Теперь уже никто не помнит, что побудило Лёню Шпульмана поехать в Россию. Не может вспомнить и сам Лёня. Конечно, не ностальгия. И, тем более, не служебные обязанности: Лёня работал клерком в небольшой бруклинской фирме, продававшей запчасти для холодильников. Скорее всего, это было любопытство, к которому подмешивалось затаённое желание побывать в среде, где все говорят по-русски.
Так или иначе, в один весенний день Лёня Шпульман, невзрачный шатен среднего роста, вышел из самолёта в аэропорту Шереметьево и осознал, что он находится в стране, где не был двадцать пять лет. Если учесть, что родители увезли Лёню из этой страны в трёхлетнем возрасте, то можно сказать, что никогда не был. Короче говоря, Лёня был самым обычным, заурядным американцем.

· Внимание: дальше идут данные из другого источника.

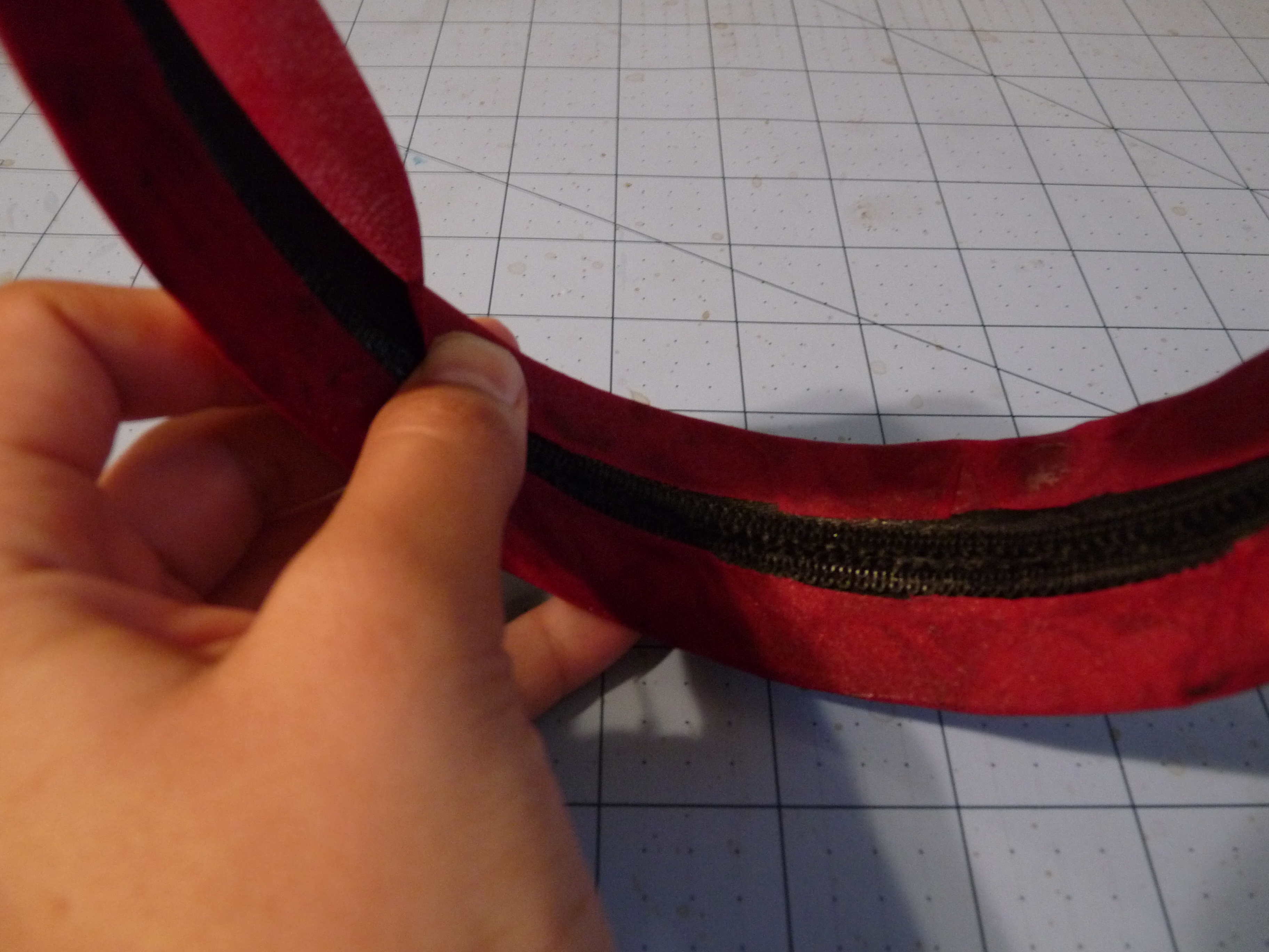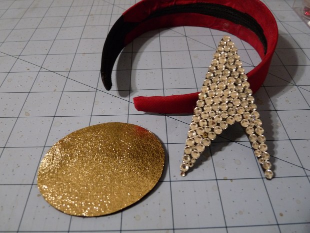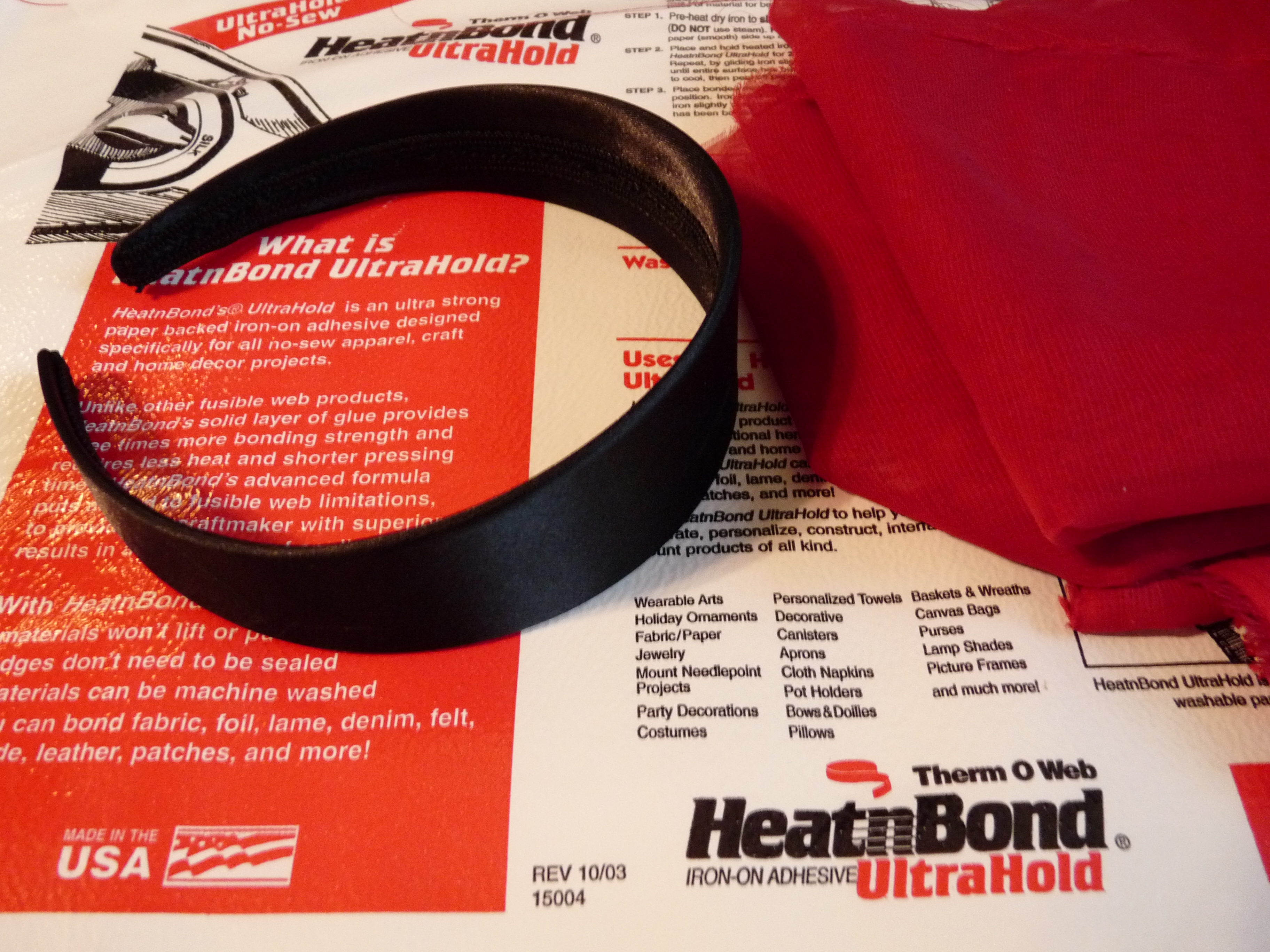 I ironed on a strip of Heat-N-Bond to the fabric I was going to use, peeled the backing off the other side of the Heat-N-Bond, and then ironed on the fabric to the headband. Obviously you need to be using a fabric-covered headband as opposed to a plastic one in order to have something for the Heat-N-Bond to adhere to. Once the fabric is adhered to the top part of the headband, it’s a simple process of folding over the sides of the fabric and using the tip of the iron to adhere the excess fabric to the inside of the headband. This Star Trek headband is specifically Next Generation, so I only covered 3/4 of the headband so that I could make it resemble the cut of the Starfleet uniform.

Но по-русски он говорил. Он впитал этот язык с детства. Он вырос в доме, где говорили только по-русски, и не просто говорили: русский язык там был культом, фетишем, божеством. Его охраняли, как государственный золотой запас. Дома детям категорически не разрешалось говорить по-английски или вставлять в русскую речь английские слова. Исоверканные на русский манер англицизмы, вроде таких, как «майлы», «паунды», «драйвать», и «шопать», считались уголовным преступлением.
Этот лингвистический террор продолжался до тех пор, пока Лёнина мама не ушла от Лёниного папы к своему боссу, нью-йоркскому адвокату с обаятельной улыбкой и крепкими политическими связями. Папа, в свою очередь, ушёл, как полагается уходить папам, к секретарше. У секретарши не было политических связей, но зато было такиё бёдра, что любой папа ушёл бы от любой мамы. Кто из Лёниных родителей от кого ушёл раньше, остаётся невыясненным, что, впрочем, не имеет никакого значения для нашего дальнейшего повествования.

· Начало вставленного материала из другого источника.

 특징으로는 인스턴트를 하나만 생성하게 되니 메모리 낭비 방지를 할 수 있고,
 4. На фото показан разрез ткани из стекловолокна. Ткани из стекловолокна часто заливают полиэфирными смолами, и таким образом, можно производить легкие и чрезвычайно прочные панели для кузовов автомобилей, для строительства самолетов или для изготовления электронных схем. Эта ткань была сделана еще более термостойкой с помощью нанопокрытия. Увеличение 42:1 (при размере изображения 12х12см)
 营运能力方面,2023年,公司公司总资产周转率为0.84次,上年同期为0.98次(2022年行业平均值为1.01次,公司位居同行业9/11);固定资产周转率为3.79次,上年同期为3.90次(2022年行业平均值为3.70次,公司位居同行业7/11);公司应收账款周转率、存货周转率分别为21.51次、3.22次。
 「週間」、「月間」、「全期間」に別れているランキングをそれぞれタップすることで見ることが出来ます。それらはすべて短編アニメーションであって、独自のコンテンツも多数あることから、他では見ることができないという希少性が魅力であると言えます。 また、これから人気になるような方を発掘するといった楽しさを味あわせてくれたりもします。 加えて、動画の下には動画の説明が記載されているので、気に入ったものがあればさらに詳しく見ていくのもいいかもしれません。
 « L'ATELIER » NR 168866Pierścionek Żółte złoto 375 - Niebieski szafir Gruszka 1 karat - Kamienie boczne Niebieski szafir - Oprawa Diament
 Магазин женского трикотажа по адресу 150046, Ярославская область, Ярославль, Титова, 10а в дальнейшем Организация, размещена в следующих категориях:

К тому времени Лёня уже вырос, и развод родителей не сильно его расстроил. Правда, общаться по-русски стало не с кем. Но, как известно, всё, что мы постигаем в детстве, остаётся на всю жизнь. Так что, Лёня попрежнему мог говорить на грамматически безупречном русском языке, без тени акцента. Что его и сгубило. Но об этом позже.
Пока что, мы остановились на том, что он вышел из самолёта и вскоре закружился в вихре бурной московской жизни при содействии всевозможных двоюродных родственников и их друзей, которые немедленно стали Лёниными друзьями. Московская жизнь понравилась Лёне. Все хотели с ним дружить. Все рвались показывать ему Москву. Все звали в гости. Девушки источали сексуальную целенаправленность. Лёня купался в благостном тепле любви и внимания. Он никак не мог понять, почему его родители уехали из такой весёлой, высоко культурной страны, населенной такими милыми, доброжелательными молодыми людьми.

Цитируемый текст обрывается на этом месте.